▸ What you should do
From the records below, transcribe only the lines running from the one with "The perfect travel" through the one with "افاد بلاغ مشترك". Keep both of those end lines.
───── Input ─────
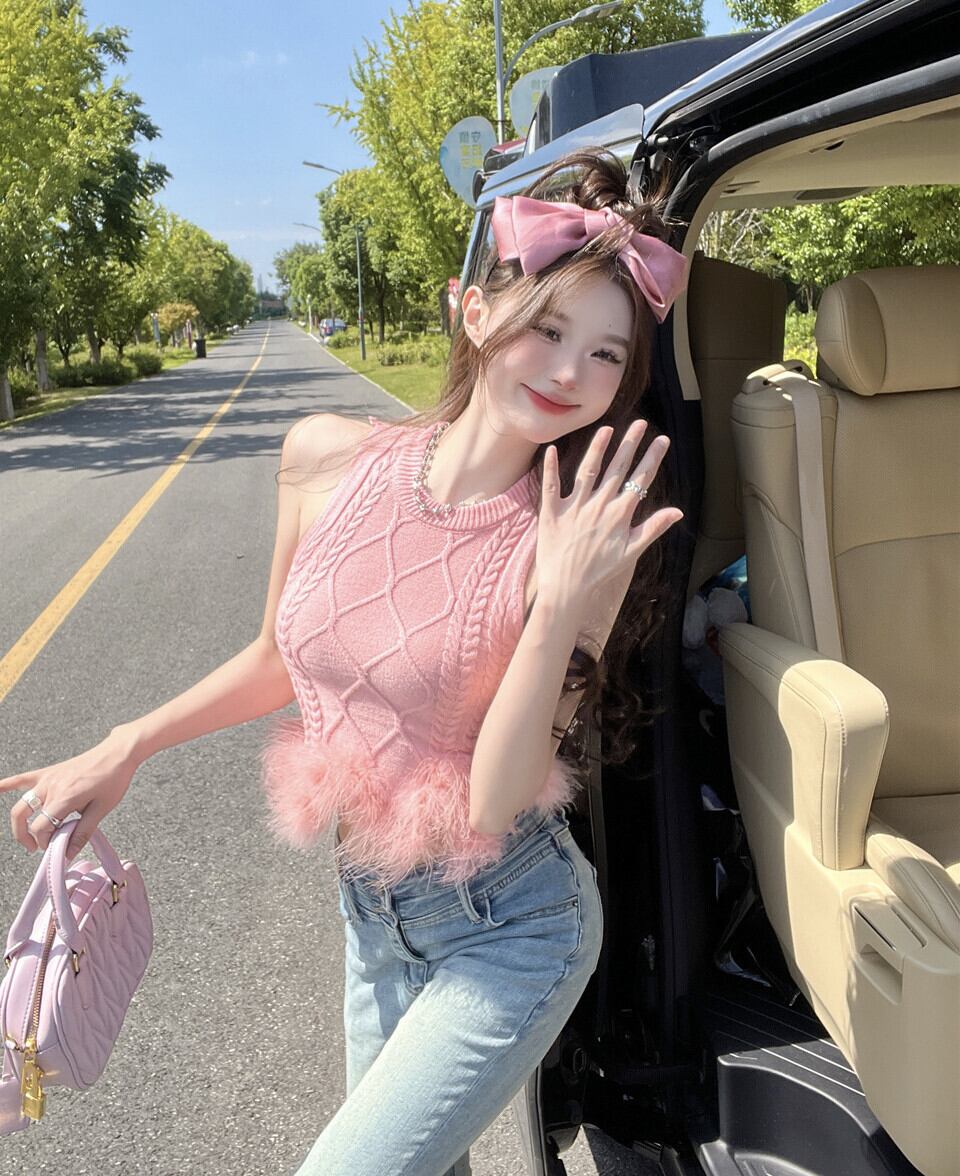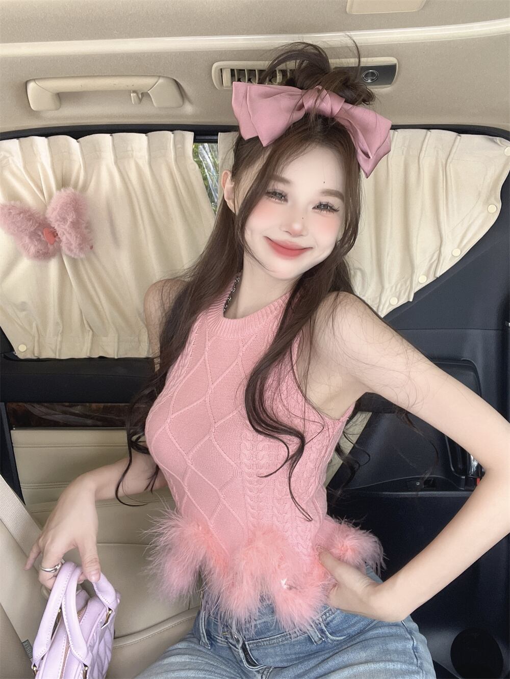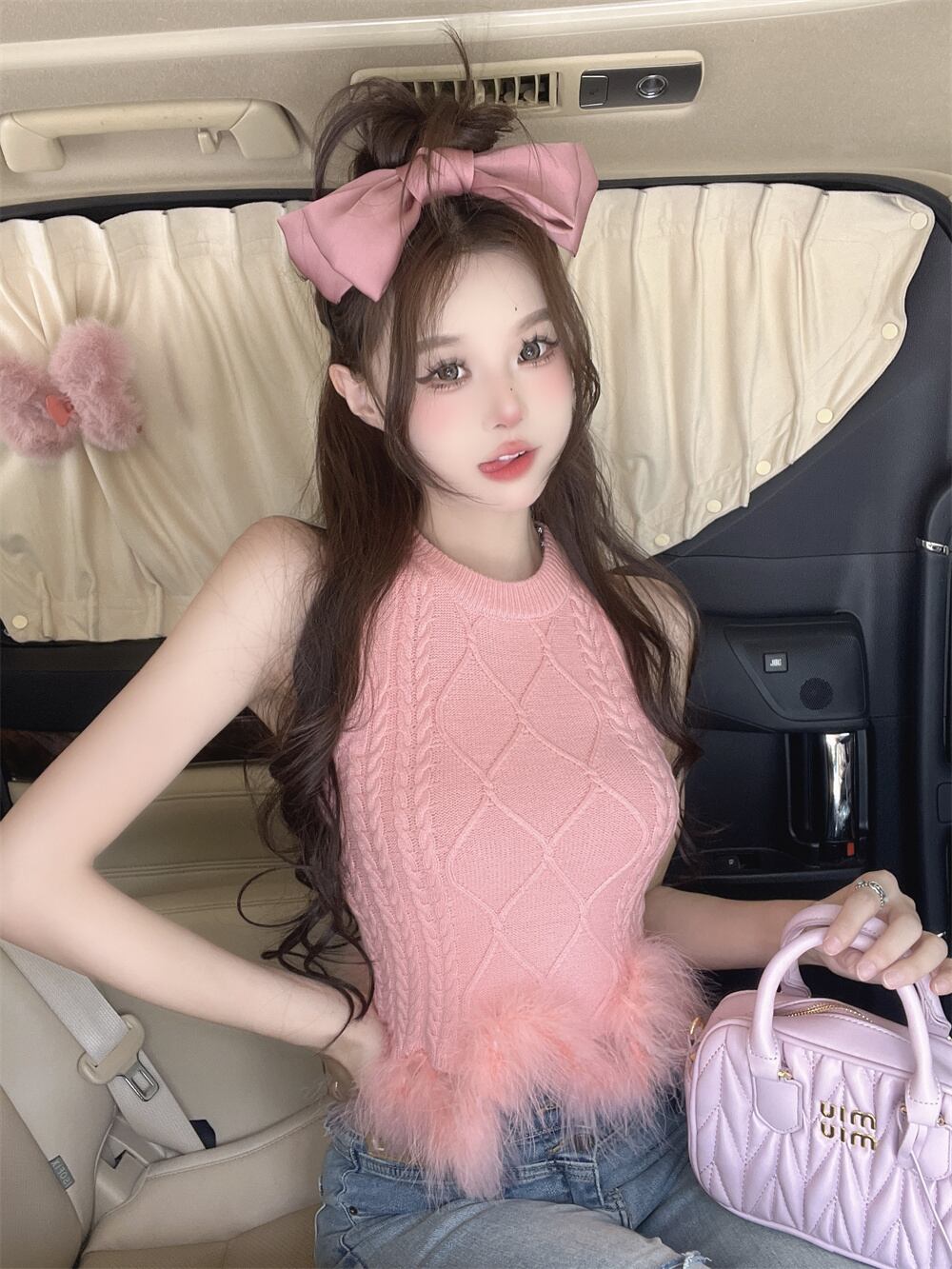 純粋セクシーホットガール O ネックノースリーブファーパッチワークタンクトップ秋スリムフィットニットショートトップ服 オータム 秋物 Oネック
─────
───── Input ─────
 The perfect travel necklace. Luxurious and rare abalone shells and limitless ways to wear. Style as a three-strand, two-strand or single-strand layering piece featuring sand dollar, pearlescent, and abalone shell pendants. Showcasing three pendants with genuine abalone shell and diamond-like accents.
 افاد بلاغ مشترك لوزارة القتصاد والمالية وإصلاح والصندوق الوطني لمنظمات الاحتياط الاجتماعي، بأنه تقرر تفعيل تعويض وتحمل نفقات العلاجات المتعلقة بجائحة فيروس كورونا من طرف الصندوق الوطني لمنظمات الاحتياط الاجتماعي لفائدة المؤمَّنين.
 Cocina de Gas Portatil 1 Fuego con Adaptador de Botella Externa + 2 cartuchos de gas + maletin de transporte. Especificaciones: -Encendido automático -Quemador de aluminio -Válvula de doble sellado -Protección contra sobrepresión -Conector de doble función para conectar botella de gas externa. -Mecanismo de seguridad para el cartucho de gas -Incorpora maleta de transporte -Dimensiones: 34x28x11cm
─────
▸ Expected answer
 The perfect travel necklace. Luxurious and rare abalone shells and limitless ways to wear. Style as a three-strand, two-strand or single-strand layering piece featuring sand dollar, pearlescent, and abalone shell pendants. Showcasing three pendants with genuine abalone shell and diamond-like accents.
 افاد بلاغ مشترك لوزارة القتصاد والمالية وإصلاح والصندوق الوطني لمنظمات الاحتياط الاجتماعي، بأنه تقرر تفعيل تعويض وتحمل نفقات العلاجات المتعلقة بجائحة فيروس كورونا من طرف الصندوق الوطني لمنظمات الاحتياط الاجتماعي لفائدة المؤمَّنين.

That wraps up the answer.